Spacious and bright, with lots of glass, a gas fireplace and private terrace. Floors, doors and furniture are made from walnut trees that were no longer producing fruit. Linens and towels are organic. And instead of allergen-filled drapes, automated exterior Venetian blinds lower when guests aren't in the room to reduce heat from the sun. Sensors also adjust thermostats and turn off lights when rooms are unoccupied. An all-in-one media hub connects and charges laptops, iPods, iPhones, S-Video, USB and HDMI technology. Bathrooms are spa-like with soaking tubs, concealed massage tables and, in some rooms, an indoor shower/steam room and an outdoor shower.
The reception staff is cheery and helpful, but the concierge doesn't brim with enthusiasm.

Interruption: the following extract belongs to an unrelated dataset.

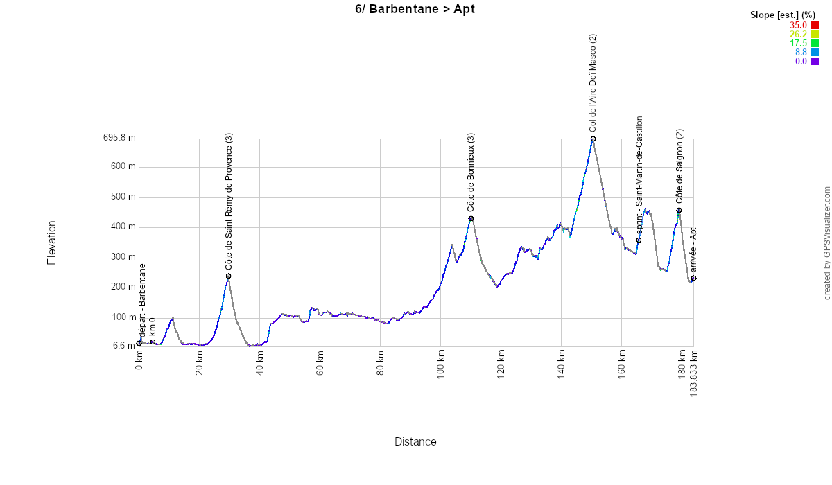 After a long journey, the riders will set off from Barbentane in the Bouches-du-Rhône department. They will soon reach the Côte de Saint-Rémy-de-Provence (3rd category), before passing through Eyguières and Taillades and climbing the Côte de Bonnieux (3rd category).Passing through Lourmarin, La Motte d'Aigues, and Vitrolles-en-Luberon, the riders will arrive at the Col de l'Aire Deï Masco (2nd category). After passing through Céreste, they will then battle it out in the sprint at Saint-Martin-de-Castillon. As they approach the finish, they will still have the Côte de Saignon (2nd category) to climb before crossing the line in Apt.

When I asked for directions to a Calistoga winery, she handed over a map and no advice. Stellar service comes from the young valet crew who speedily retrieve cars, handle bags and size guests up for bicycles.
Chef Sean O'Toole's kitchen salutes Northern California's natural bounty. Of the six dishes I tasted, standouts were the potato gnocchi with tomato, basil and parmesan and the diver scallops with zucchini grown in the Bardessono's own garden. The wine list features Californian and European labels and a respectable selection of biodynamic and sustainable wines. Breakfast is creative (oatmeal comes with fresh fruit compote and rosemary), but can get expensive. Opt instead for fresh croissants and café au lait from Thomas Keller's nearby Bouchon Bakery.
A top pick for epicureans and sybarites who want an eco-friendly weekend retreat; room rates in high season may be too dear for longer stays.